英文:
How to obtain the interval limits from a decision tree with scikit-learn?
问题
你可以通过以下方式获取类似所需的分割点数组:
import numpy as np
# 你的树节点分割描述
tree_structure = "|--- feature_0 <= 0.08\n| |--- class: 0\n|--- feature_0 > 0.08\n| |--- feature_0 <= 8.50\n| | |--- feature_0 <= 1.50\n| | | |--- class: 1\n| | |--- feature_0 > 1.50\n| | | |--- class: 1\n| |--- feature_0 > 8.50\n| | |--- feature_0 <= 60.25\n| | | |--- class: 0\n| | |--- feature_0 > 60.25\n| | | |--- class: 0"
# 从树结构中提取分割点限制
limits = []
lines = tree_structure.split("\n")
for line in lines:
if "<=" in line or ">" in line:
limit = float(line.split()[-1])
limits.append(limit)
# 添加负无穷和正无穷
limits.insert(0, -np.inf)
limits.append(np.inf)
# 打印结果
print(limits)
这段代码会从你的决策树结构描述中提取出分割点的限制,并添加负无穷和正无穷作为数组的第一个和最后一个元素,得到你所需的分割点数组。
英文:
Say I am using the titanic dataset, with the variable age only:
import pandas as pd
data = pd.read_csv('https://www.openml.org/data/get_csv/16826755/phpMYEkMl')[["age", "survived"]]
data = data.replace('?', np.nan)
data = data.fillna(0)
print(data)
the result:
age survived
0 29 1
1 0.9167 1
2 2 0
3 30 0
4 25 0
... ... ...
1304 14.5 0
1305 0 0
1306 26.5 0
1307 27 0
1308 29 0
[1309 rows x 2 columns]
Now I train a decision tree to predict survival from age:
from sklearn.tree import DecisionTreeClassifier
tree_model = DecisionTreeClassifier(max_depth=3)
tree_model.fit(data['age'].to_frame(),data["survived"])

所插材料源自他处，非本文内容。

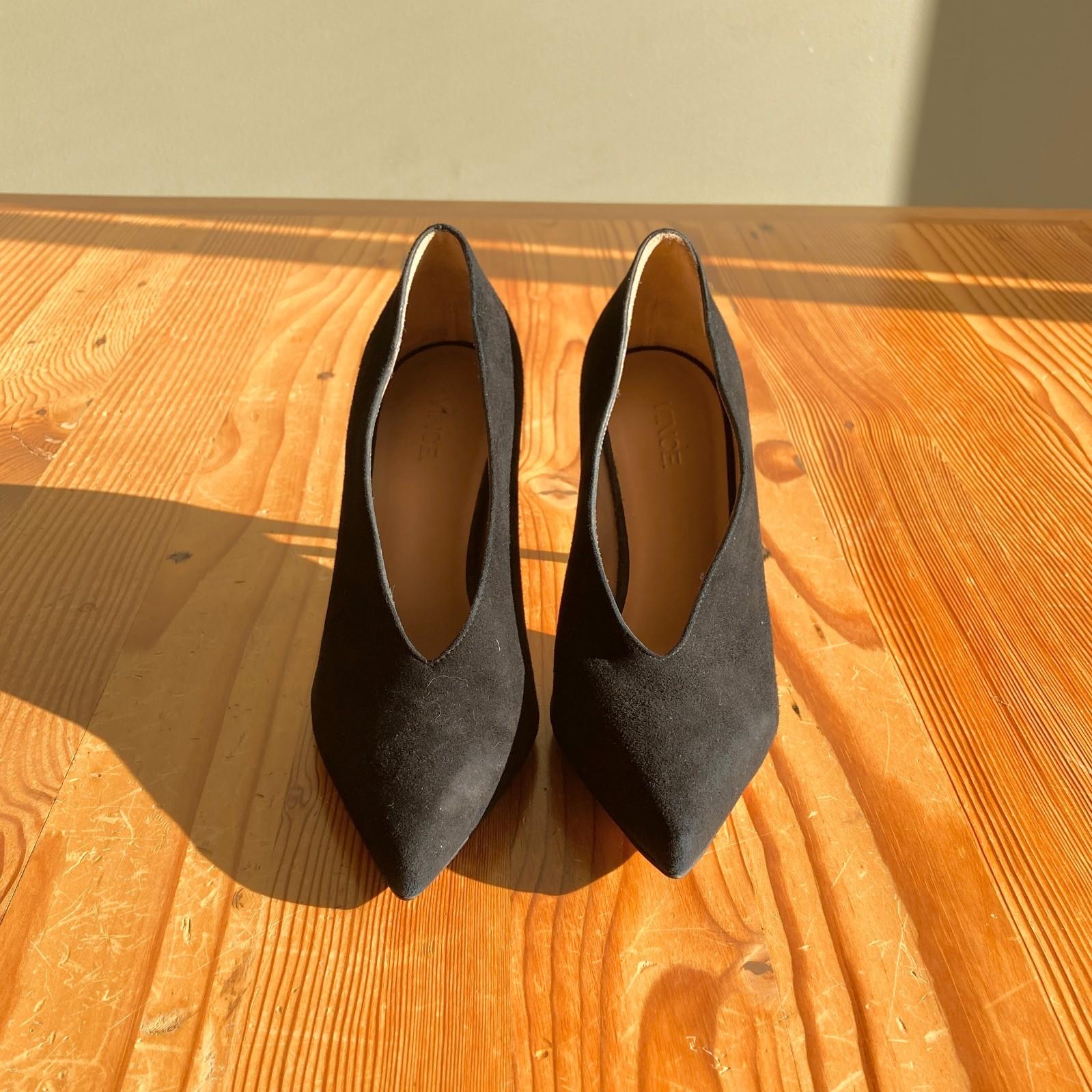 - Luxe suede point toe pump with high-cut topline Made in Italy Designer
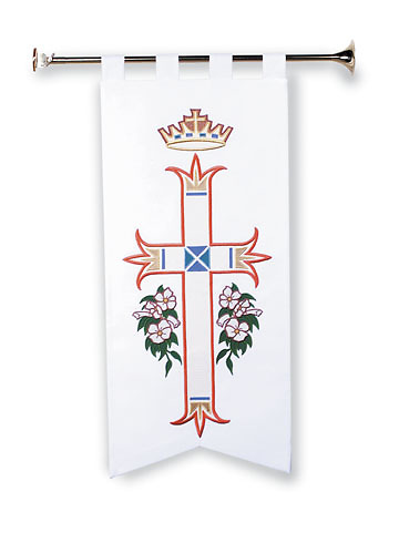Help your congregation experience this most sacred time of the year with this Banner made of heavy Cathedral fabric, a textured linen-look polyester woven in rich vibrant colors. Easter symbols of Crown over Cross with Lilies are created by combining embroidery and sewn appliqués. Designed to fit most church settings. Approximately 24" W and 48" H, including top tabs.
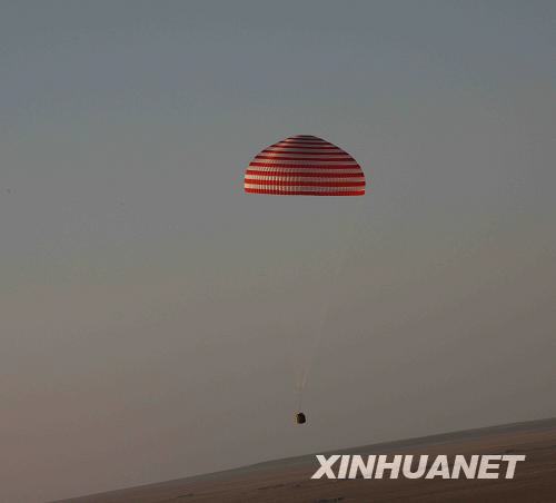 9月28日,神七返回艙成功著陸。新華社發(fā)(電視截圖)
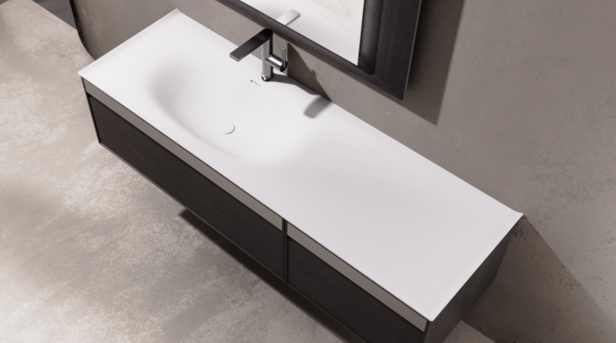 The countertop shines with a bright yet soft luster and boasts a fine texture. Compression and bending resistant, it’s durable and wear-proof. The one-piece molding ensures easy cleaning, keeping it as good as new for long.
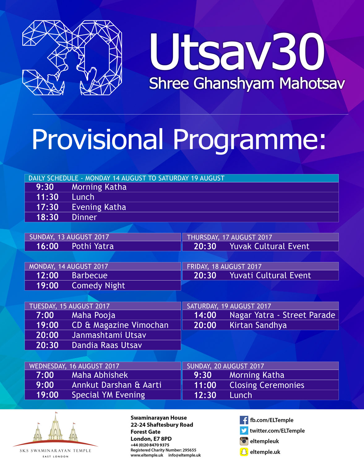 To keep up to date with all the goings on, download the Utsav30 app at https://eltemple.uk/app, available for both iOS and Android.

And if I print the structure of the tree:
from sklearn import tree
print(tree.export_text(tree_model))
I obtain:
|--- feature_0 <= 0.08
| |--- class: 0
|--- feature_0 > 0.08
| |--- feature_0 <= 8.50
| | |--- feature_0 <= 1.50
| | | |--- class: 1
| | |--- feature_0 > 1.50
| | | |--- class: 1
| |--- feature_0 > 8.50
| | |--- feature_0 <= 60.25
| | | |--- class: 0
| | |--- feature_0 > 60.25
| | | |--- class: 0
These means that the final division for every node is:
0-0.08 ; 0.08-1.50; 1.50-8.50 ; 8.50-60; >60
My question is, how can I capture those limits in an array that looks like this:
[-np.inf, 0.08, 1.5, 8.5, 60, np.inf]
Thank you!
答案1
得分: 3
决策分类器,在这种情况下 `tree_model` 具有名为 `tree_` 的属性,允许访问底层属性。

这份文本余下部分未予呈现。